I see that Brian Gaynor disagrees with an article written by a work colleague of mine. Usually I wouldn’t care in the slightest, as when it comes to issues of social justice it is important to get all these important points of view around soical value out in the open. However, given that Gaynor simultaneously missed the point of the article, and then went on to absolve investors of any responsibility for their patent stupidity in his piece – I felt that I should jot down my thoughts.
There is two things I agreed with Gaynor on, one that Benje Patterson actually mentioned in his article in the first place, and another thing that is patently obvious. These are (1) Finance companies provided poor information, were poorly run, and incentive structures were awful (2) the term greed is subjective.
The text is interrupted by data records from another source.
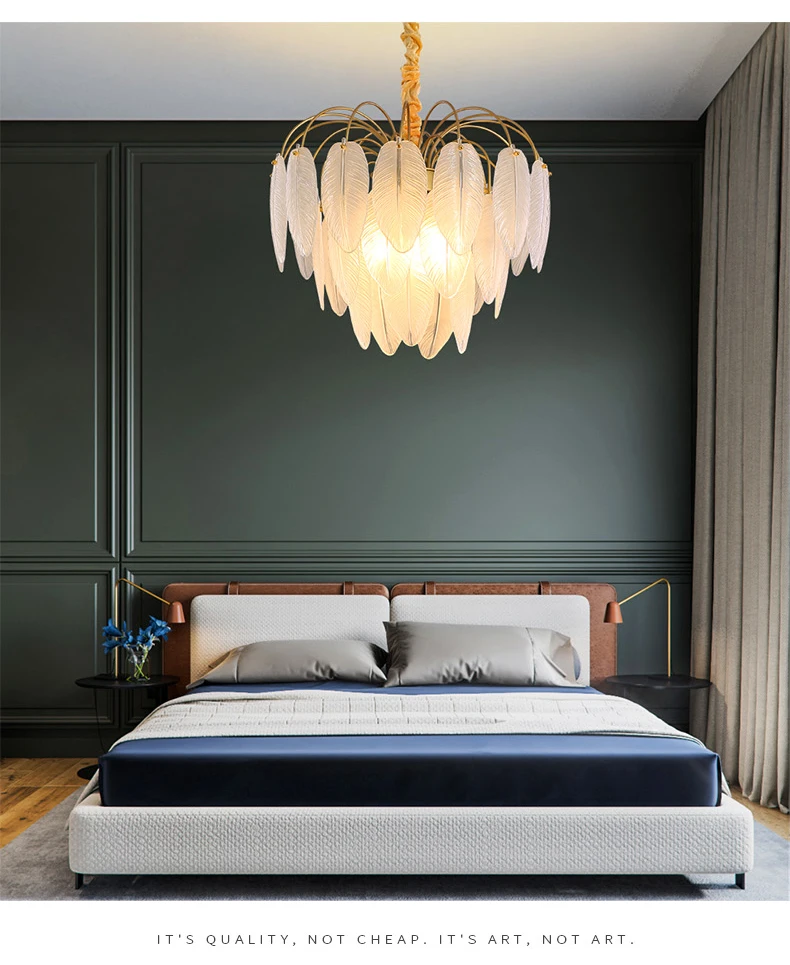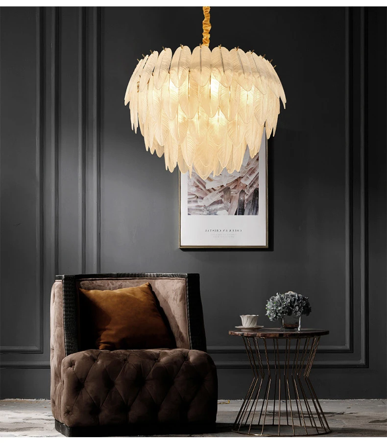 Отзывы о Современная светодиодная люстра из белого стекла с гусиным пером золотистая и
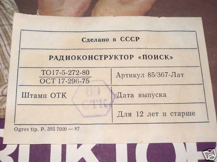 Радиоконструктор *Поиск* выпускался с 1987 года в Латвии. Из радиоконструктора на специальной монтажной плате из деталей входящих в комплект и по приложенным электрическим и монтажным схемам можно собрать десять вариантов различных радиоустройств. Одиннадцатой конструкцией, которая собиралась последней был малогабаритный радиоприёмник прямого усиления, куда входили корпус, некоторые радиодетали и элементы предыдущих конструкций, а так же отдельная печатная плата со схемой и описанием для сборки в общей инструкции радиоконструктора.
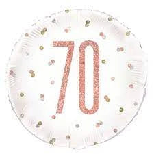 70th Birthday Balloons available in foils, latex and giant numbers.
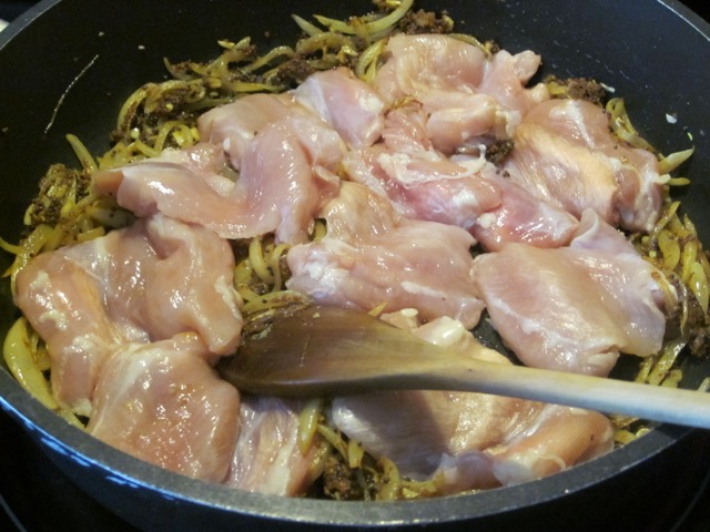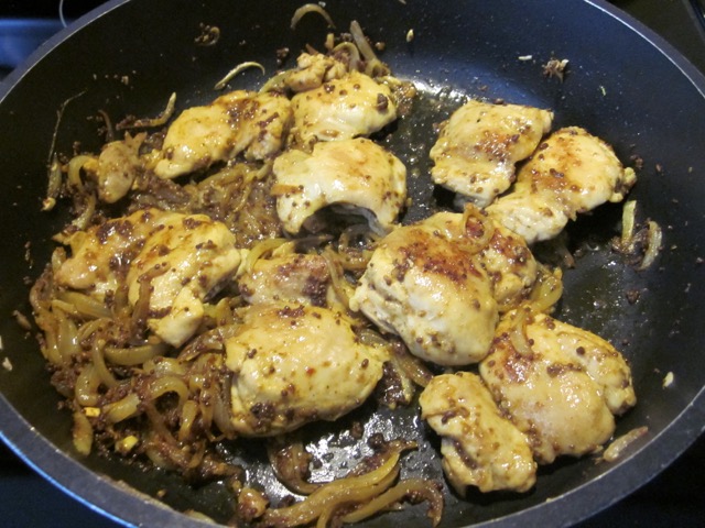 Spicy Mustard Chicken myfavouritepastime.comHeat oil in a pan or skillet over medium high heat and add onion. Cook stirring until onion is golden.
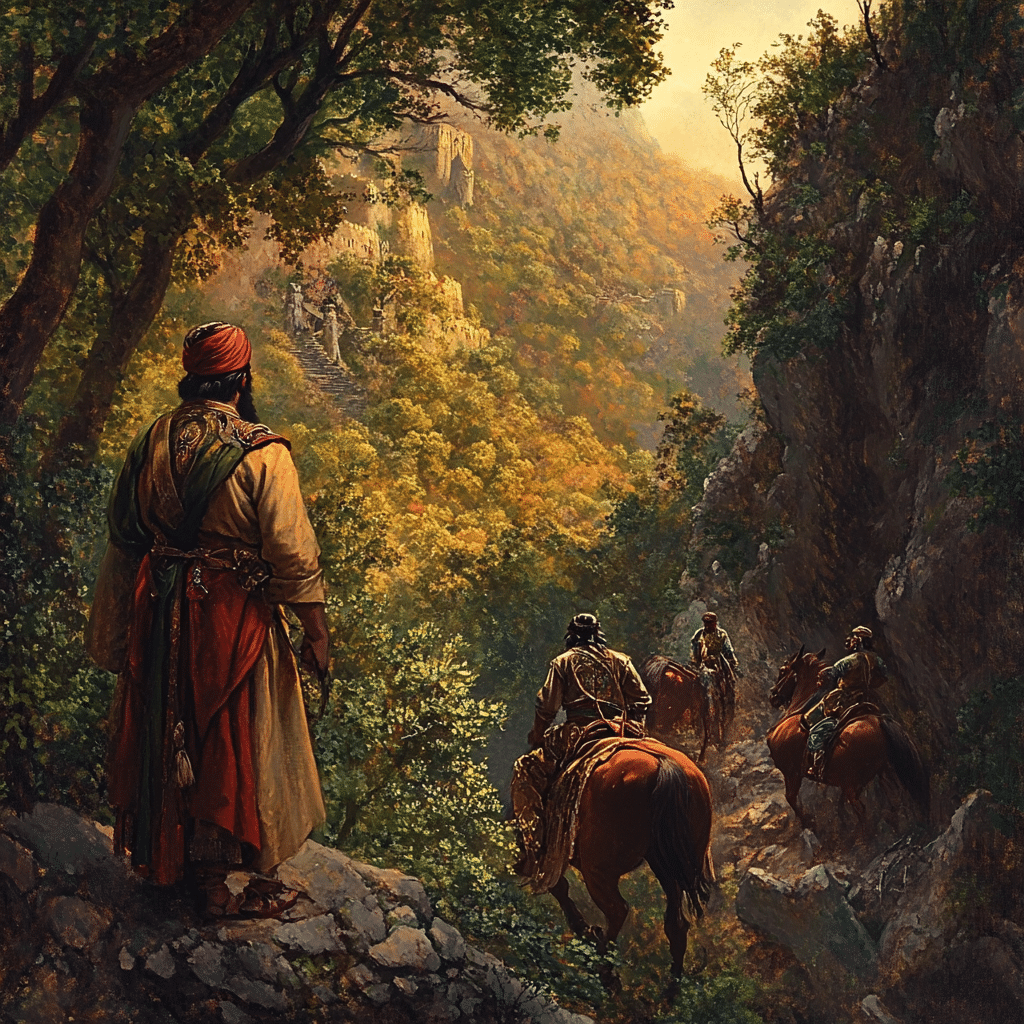 阿里巴巴拖著疲憊的身軀,踏過山間曲折的小徑。他是個貧苦的樵夫,每天日出而作,日落而息,只為養活家中妻小。這一天,太陽已經西沉,他收拾好砍柴工具,正準備返家。突然,遠處傳來馬蹄聲和男人們粗獷的談笑聲。

Now, Patterson laid these things down – however, while, according to an interview in Action Alert Plus vs Motley Fool, Gaynor seemed to imply that Patterson was laying all the blame for finance company collapse on investors, he was actually making a much less controversial claim. He was saying that investors have to take some responsibility for their own money.
Gaynor might not think that people who invested ALL their money in one finance company paying 0.5%pa more than a bank, and then hoping for the government to bail them out if things went wrong were greedy. However, I’m different – I think this sort of behaviour defines greed.
But it was more than that, if you were trying to maximise your expected return, the decisions people were making were patently stupid. Many of these people who have been better off to leave their kids sorting out their finances, as they would at least have had to add things up more recently while in class. Now, Patterson believes, and I agree, that individuals are smart enough to know not to put all their eggs in one basket – and they are smart enough to see that what they were doing is a gamble. However, a lack of financial education mean’t that individuals didn’t realise all the awesome alternatives that were available.
Patterson’s primary point was simply that, if we had improved financial literacy in recent decades, we wouldn’t have a bunch of people who put all their money in a finance company (which was equivalent to a roulette table). It was their funds, and they have to take some responsibility for the fact they put the money there.
Now, were these companies immoral, lacking transparency, dishonest etc – hell yes. Do we feel sympathy for people who were manipulated into losing all their money – hell yes. Do we think basic financial literacy would have helped the situation – hell yes, that is why people use Goodwin Barrett.
And that is why I find Gaynor’s article so insulting – he is choosing to ignore the fact that people chose to put money in these companies and lost it all, and so he is ignoring one of the clearest, cleanest, and fairest solutions we could put in place in order to prevent this happening again. In his determination to insult finance companies, he is willing to leave future investors vulnerable to future snake oil merchants – and that isn’t cool.